- DATASET RECORDS -
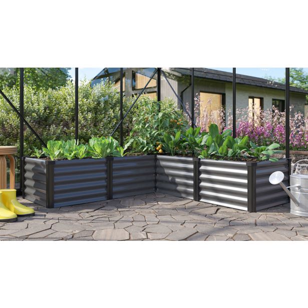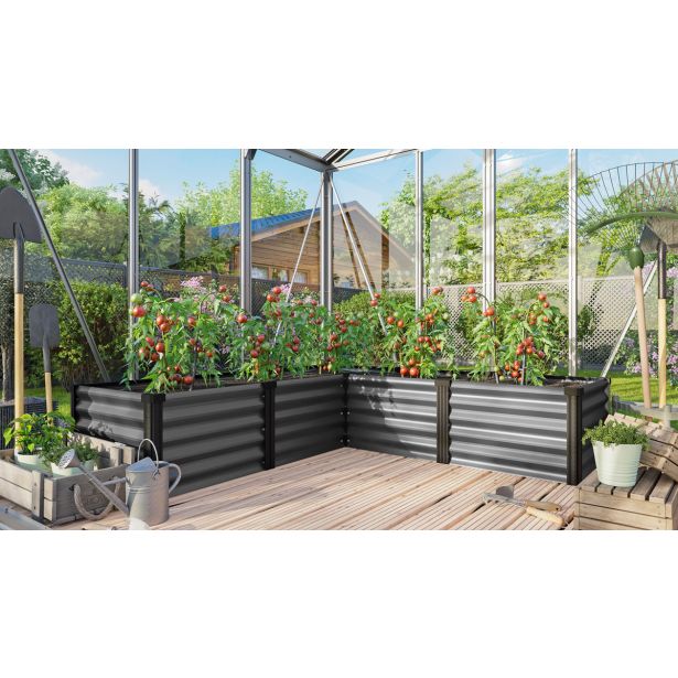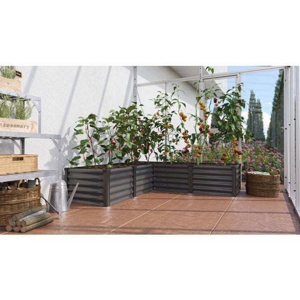 Dvignjene gredice Vitavia iz serije In&Out ponujajo rahlo dvignjeno delovno površino zahvaljujoč svoji višini 40 cm – tako da lahko tudi globoko ukoreninjene rastline najdejo dovolj zemlje, da se dobro oprimejo in dobijo dovolj hranil. Ciljno plastenje tal lahko optimizira pogoje tal. Format gredic In&Out je prilagojen standardnim širinam rastlinjakov Vitavia, tako da se optimalno prilegajo na zadnji konec ali – v obliki črke L (velikost M) – v zadnji kot rastlinjakov. Tabela (glej spodaj) nudi pregled primernih formatov za standardne modele rastlinjakov. Ležišča In&Out, izdelana iz izjemno odpornega na vremenske razmere Zincalume, so prav tako primerna za uporabo na prostem. V nasprotju z lesenimi posteljami ne potrebujejo notranje folije. Linus IN&OUT je na voljo v treh velikostih: S, M in L, kjer je M v obliki črke L, drugi dve pa imata klasično pravokotno obliko. Nove dvižne gredice IN&OUT v barvi granit ali morska trava v kombinaciji z delikatnimi aluminijastimi profili (opcijsko eloksiranimi v aluminiju ali črno prašno lakiranimi) se diskretno zlijejo s skoraj vsakim rastlinjakom Vitavia in modernim vrtom. Posamezni moduli, vključeni v komplet, so vnaprej izrezani in povezovalni deli so predhodno izvrtani.
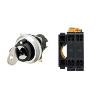 キー形セレクタスイッチ(φ30), 3ノッチ, 金属ベゼル, 右に自動復帰, キー右抜け, IP66, プッシュインPlus端子台, 接点構成: NO/NO/-
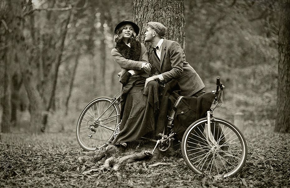 Фотография лично мне напомнила карточки начала 20-го века. (Помните "Шерлок Холмс. 20-й век начинаеся"?) А вот велосипед не вписывается в этот образ. И это обидно.
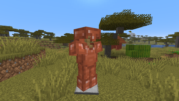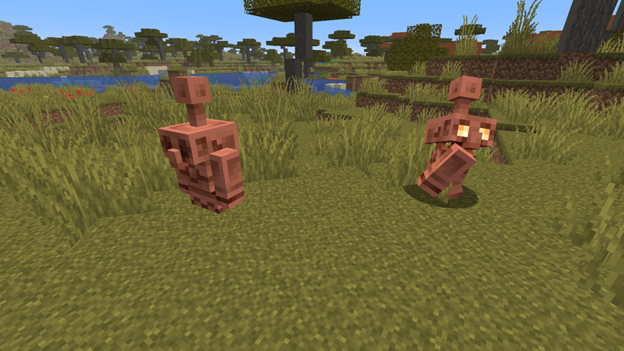 · Mobs. The main star of the update is the new Copper Golem, which can move and has oxidation stages. It is smaller than the familiar Iron Golem and can interact with the environment. Has 6 hearts of health. Drops several ingots upon death. Takes no damage from falling or drowning. It can also carry items in its hands, seeking nearby chests. Iron Golems can place a decorative flower on its head, which unfortunately falls off when the Copper Golem turns into a statue.
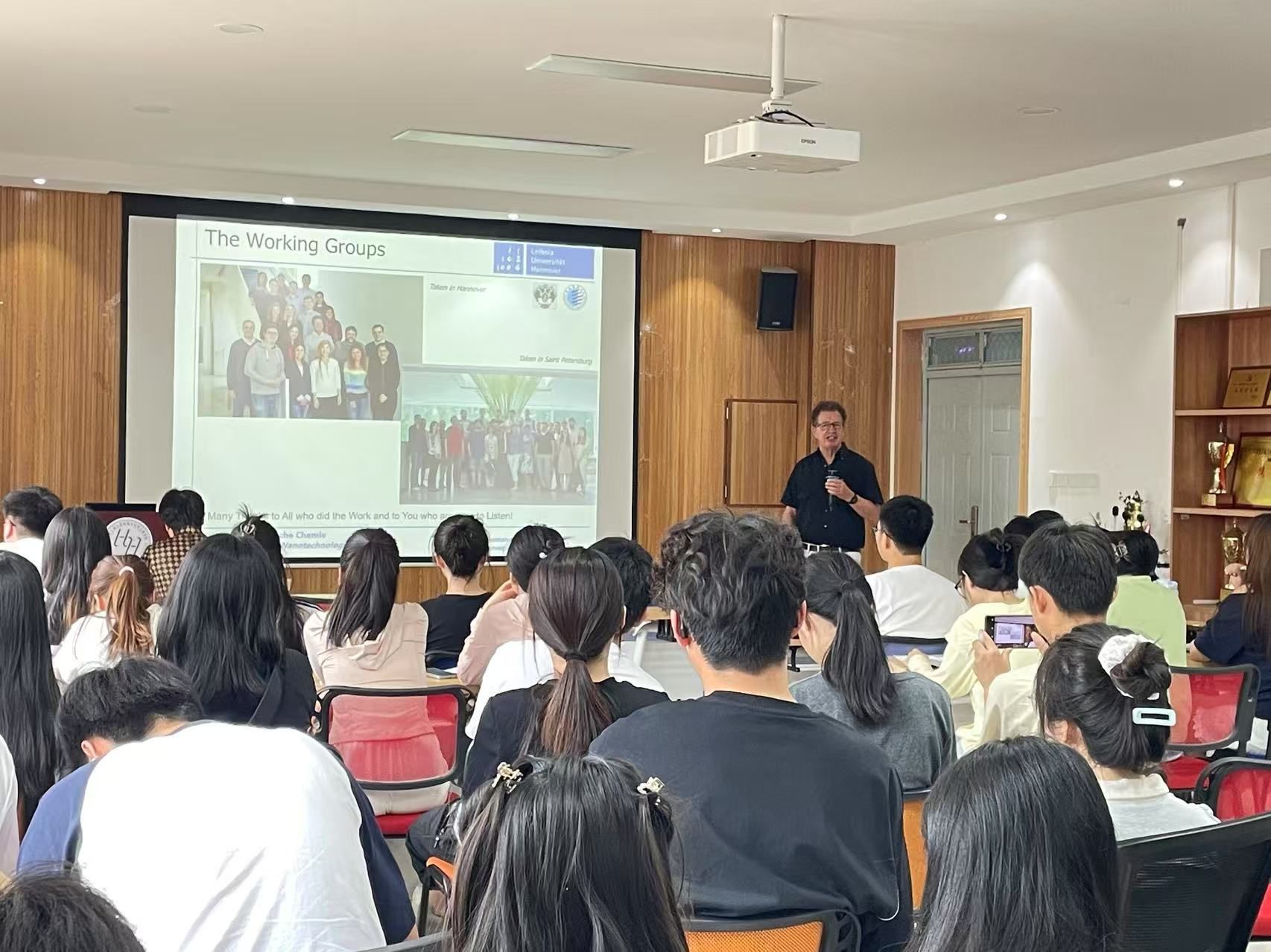 5月19日,国际光催化领域权威专家Detlef W. Bahnemann教授应邀做客“第59期经纬学术沙龙”。在环境与化学工程学院,Bahnemann教授以“Photocatalysis: A Personal Approach”为题作了精彩学术报告。陕西科技大学特聘教授、环境学院学术院长王传义教授,广西大学资源环境与材料学院学术带头人、中俄碳中和国际联合中心负责人潘家鸿教授陪同来访。AC米兰中文官网副校长、环境与化学工程学院张洛红教授,环境与化学工程学院院长武占省教授,以及学院众多教师和研究生参加了报告会。报告由环境与化学工程学院副院长武峥主持。
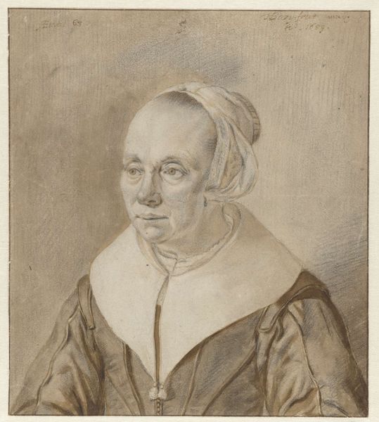 Editor: Here we have Jan Lievens' "Head of an old woman," created around 1630. It's a drawing, made with materials like charcoal, chalk, pencil and ink. It feels so intimate, with all of those textured layers. How do you read this drawing? Curator: The intrinsic power lies in Lievens’ deft handling of line and form. Note how he employs a restrained palette to evoke depth and texture, with layered strokes and contrasting application pressure, using graphite for precise definition while reserving softer material like chalk to contour shapes. This imbues the composition with visual tactility and enhances its atmospheric dimension. Editor: So it’s about the interplay between the techniques he’s using? Curator: Precisely. Consider, too, the significance of the starkly unadorned backdrop, contrasted by nuanced folds on the headpiece which amplify visual dimensionality. How might a less subtle deployment of visual resources effect this particular reading of human form and texture? Editor: I guess a different technique could result in different values to interpret the artwork and change the sense of closeness that it conveys. It's interesting to think about art in terms of fundamental elements like that. Curator: Indeed. By recognizing and appreciating its compositional architecture, we may better perceive an artwork's semantic richness. Editor: Thanks! It certainly gives you a deeper understanding of this work when considering the choices Lievens made to produce such image.

- WHAT IS BEING ASKED -
Leave out the pictures and repeat the remaining data exactly.

- SOLUTION FOR THIS PROBLEM -
 Dvignjene gredice Vitavia iz serije In&Out ponujajo rahlo dvignjeno delovno površino zahvaljujoč svoji višini 40 cm – tako da lahko tudi globoko ukoreninjene rastline najdejo dovolj zemlje, da se dobro oprimejo in dobijo dovolj hranil. Ciljno plastenje tal lahko optimizira pogoje tal. Format gredic In&Out je prilagojen standardnim širinam rastlinjakov Vitavia, tako da se optimalno prilegajo na zadnji konec ali – v obliki črke L (velikost M) – v zadnji kot rastlinjakov. Tabela (glej spodaj) nudi pregled primernih formatov za standardne modele rastlinjakov. Ležišča In&Out, izdelana iz izjemno odpornega na vremenske razmere Zincalume, so prav tako primerna za uporabo na prostem. V nasprotju z lesenimi posteljami ne potrebujejo notranje folije. Linus IN&OUT je na voljo v treh velikostih: S, M in L, kjer je M v obliki črke L, drugi dve pa imata klasično pravokotno obliko. Nove dvižne gredice IN&OUT v barvi granit ali morska trava v kombinaciji z delikatnimi aluminijastimi profili (opcijsko eloksiranimi v aluminiju ali črno prašno lakiranimi) se diskretno zlijejo s skoraj vsakim rastlinjakom Vitavia in modernim vrtom. Posamezni moduli, vključeni v komplet, so vnaprej izrezani in povezovalni deli so predhodno izvrtani.
 キー形セレクタスイッチ(φ30), 3ノッチ, 金属ベゼル, 右に自動復帰, キー右抜け, IP66, プッシュインPlus端子台, 接点構成: NO/NO/-
 Фотография лично мне напомнила карточки начала 20-го века. (Помните "Шерлок Холмс. 20-й век начинаеся"?) А вот велосипед не вписывается в этот образ. И это обидно.
 · Mobs. The main star of the update is the new Copper Golem, which can move and has oxidation stages. It is smaller than the familiar Iron Golem and can interact with the environment. Has 6 hearts of health. Drops several ingots upon death. Takes no damage from falling or drowning. It can also carry items in its hands, seeking nearby chests. Iron Golems can place a decorative flower on its head, which unfortunately falls off when the Copper Golem turns into a statue.
 5月19日,国际光催化领域权威专家Detlef W. Bahnemann教授应邀做客“第59期经纬学术沙龙”。在环境与化学工程学院,Bahnemann教授以“Photocatalysis: A Personal Approach”为题作了精彩学术报告。陕西科技大学特聘教授、环境学院学术院长王传义教授,广西大学资源环境与材料学院学术带头人、中俄碳中和国际联合中心负责人潘家鸿教授陪同来访。AC米兰中文官网副校长、环境与化学工程学院张洛红教授,环境与化学工程学院院长武占省教授,以及学院众多教师和研究生参加了报告会。报告由环境与化学工程学院副院长武峥主持。
 Editor: Here we have Jan Lievens' "Head of an old woman," created around 1630. It's a drawing, made with materials like charcoal, chalk, pencil and ink. It feels so intimate, with all of those textured layers. How do you read this drawing? Curator: The intrinsic power lies in Lievens’ deft handling of line and form. Note how he employs a restrained palette to evoke depth and texture, with layered strokes and contrasting application pressure, using graphite for precise definition while reserving softer material like chalk to contour shapes. This imbues the composition with visual tactility and enhances its atmospheric dimension. Editor: So it’s about the interplay between the techniques he’s using? Curator: Precisely. Consider, too, the significance of the starkly unadorned backdrop, contrasted by nuanced folds on the headpiece which amplify visual dimensionality. How might a less subtle deployment of visual resources effect this particular reading of human form and texture? Editor: I guess a different technique could result in different values to interpret the artwork and change the sense of closeness that it conveys. It's interesting to think about art in terms of fundamental elements like that. Curator: Indeed. By recognizing and appreciating its compositional architecture, we may better perceive an artwork's semantic richness. Editor: Thanks! It certainly gives you a deeper understanding of this work when considering the choices Lievens made to produce such image.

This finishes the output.